Supplied information –

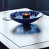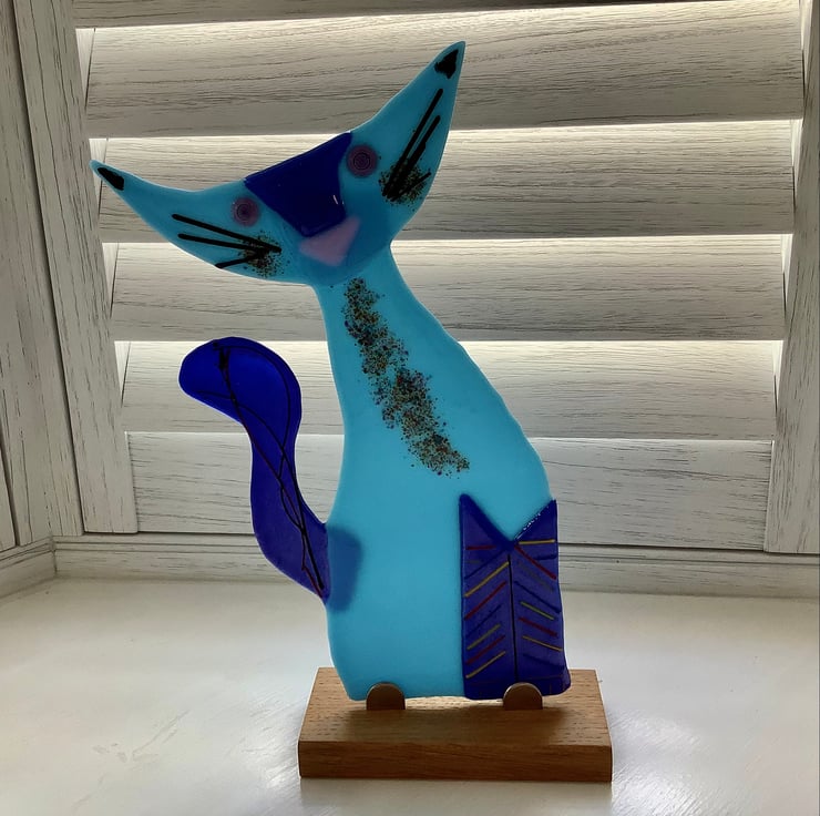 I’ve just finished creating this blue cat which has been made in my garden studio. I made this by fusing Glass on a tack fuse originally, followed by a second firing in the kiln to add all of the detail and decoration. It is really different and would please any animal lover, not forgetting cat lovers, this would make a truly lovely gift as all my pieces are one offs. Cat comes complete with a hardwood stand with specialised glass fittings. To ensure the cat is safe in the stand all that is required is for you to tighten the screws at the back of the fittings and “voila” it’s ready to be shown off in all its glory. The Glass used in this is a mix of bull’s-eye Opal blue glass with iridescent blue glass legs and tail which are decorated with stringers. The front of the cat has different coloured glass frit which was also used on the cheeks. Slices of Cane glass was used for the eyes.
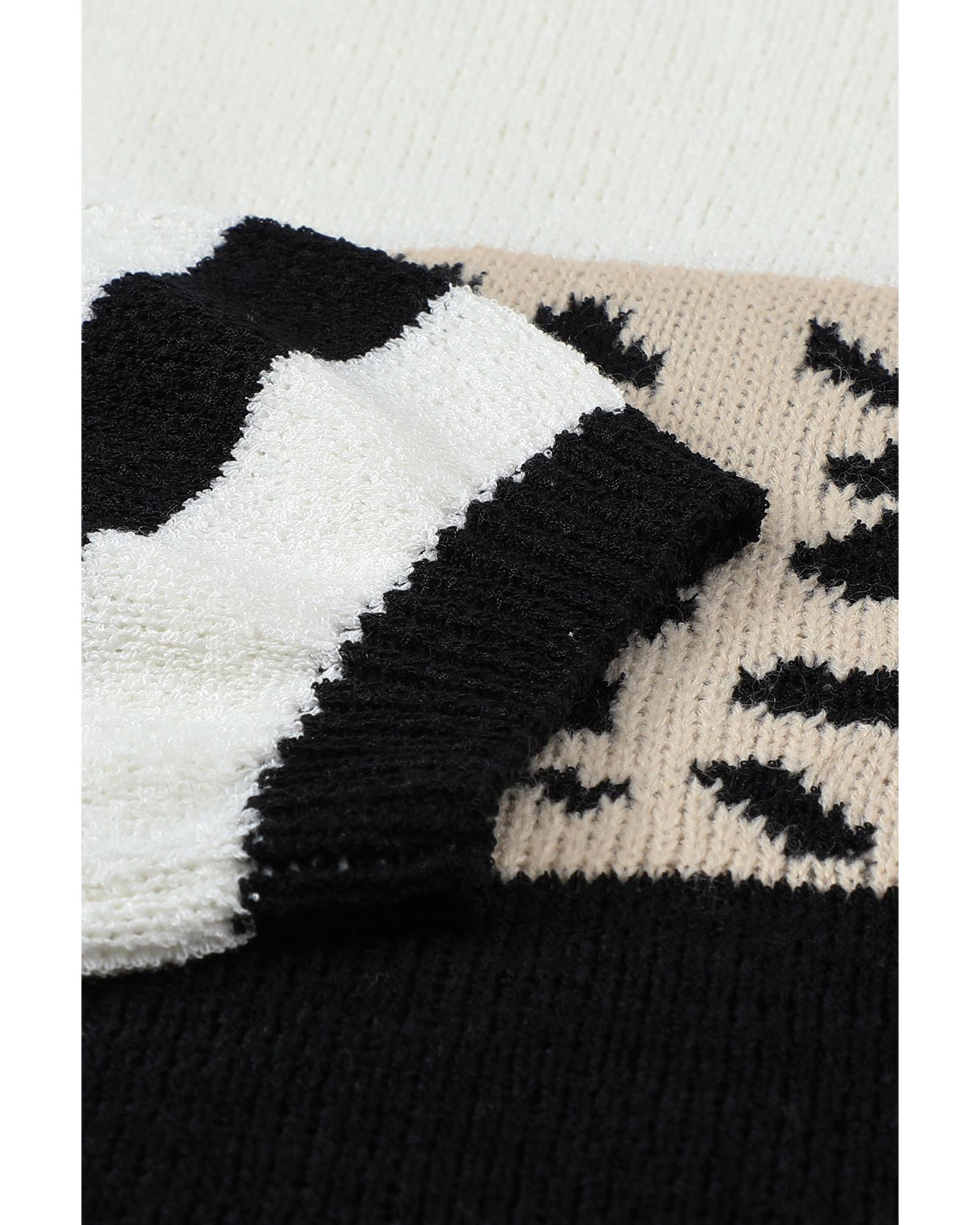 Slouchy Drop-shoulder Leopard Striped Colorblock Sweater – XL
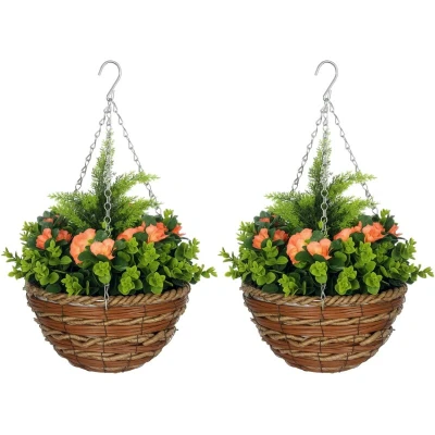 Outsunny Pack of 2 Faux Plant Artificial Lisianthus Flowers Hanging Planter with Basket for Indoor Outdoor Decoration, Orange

==

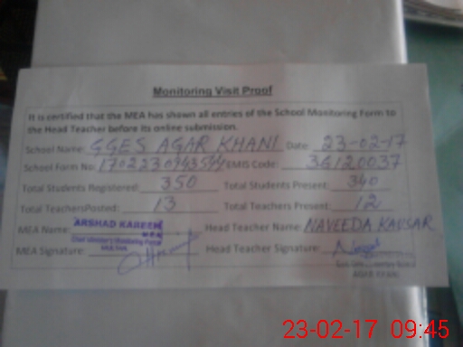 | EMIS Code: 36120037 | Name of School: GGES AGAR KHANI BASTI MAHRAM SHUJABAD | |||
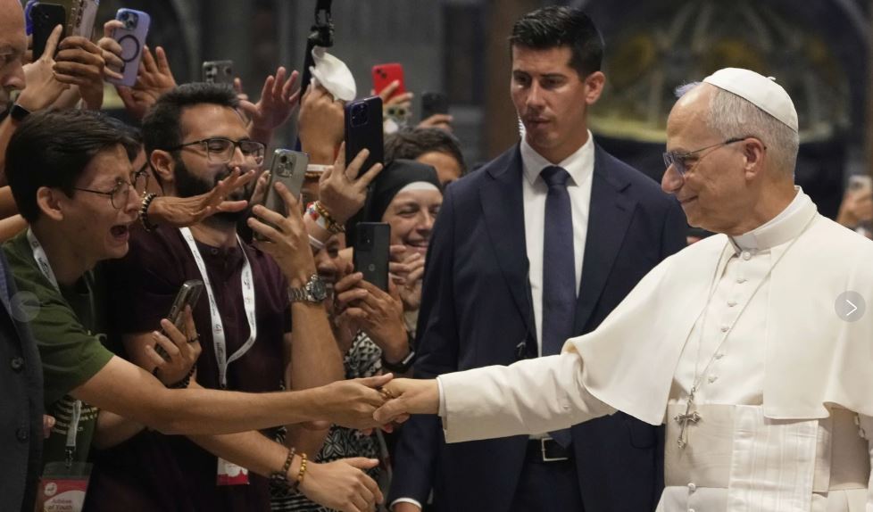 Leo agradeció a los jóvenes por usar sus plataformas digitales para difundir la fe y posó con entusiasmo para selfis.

---

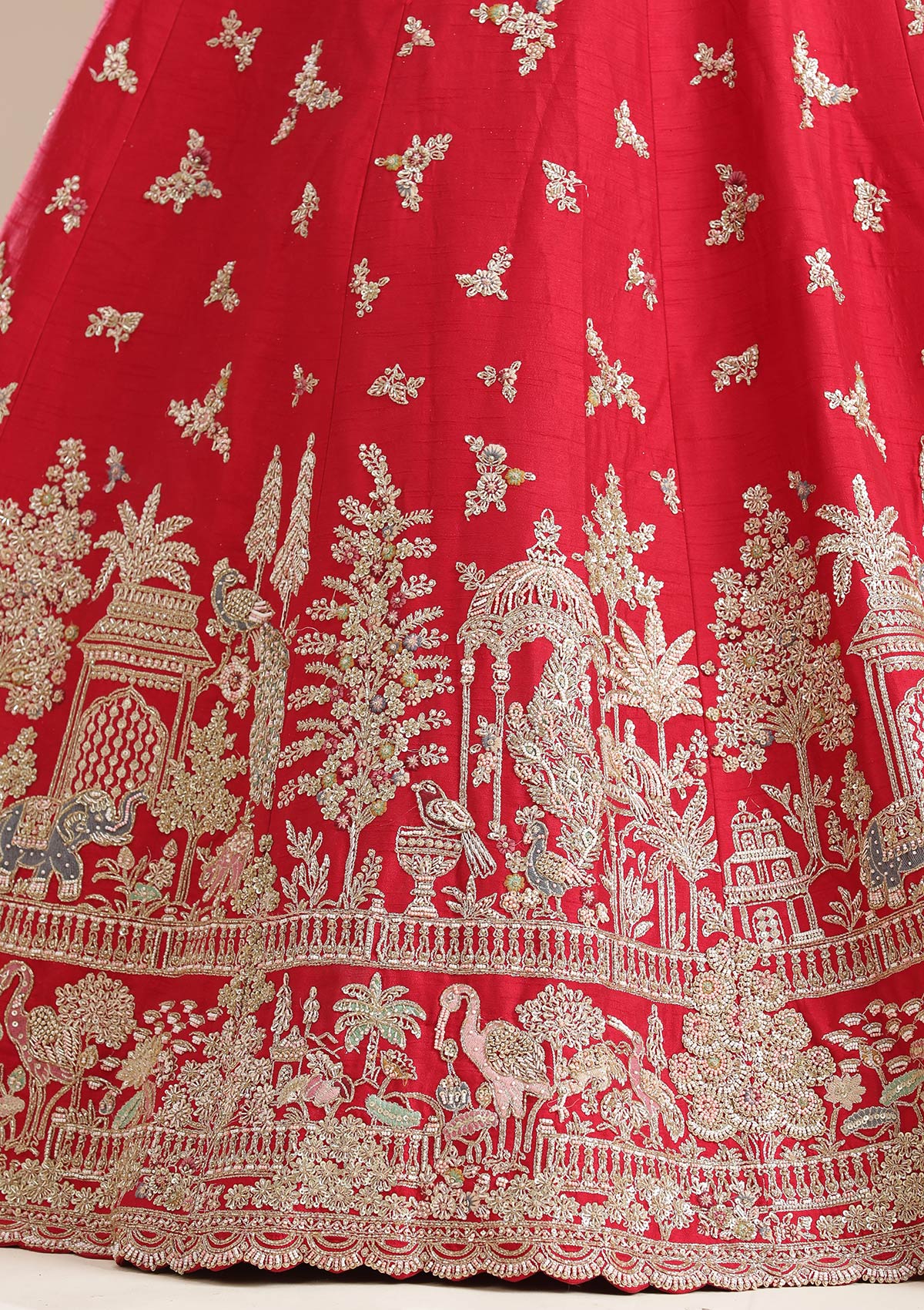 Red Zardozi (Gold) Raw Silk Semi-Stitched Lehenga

What is being asked – Using the data above, set down each line from the line with "SHUJABAD | |||" to the line with "Leo agradeció a" exactly, both ends included, and leave the pictures behind. Nothing else belongs.

Exercise solution –
 | EMIS Code: 36120037 | Name of School: GGES AGAR KHANI BASTI MAHRAM SHUJABAD | |||
 Leo agradeció a los jóvenes por usar sus plataformas digitales para difundir la fe y posó con entusiasmo para selfis.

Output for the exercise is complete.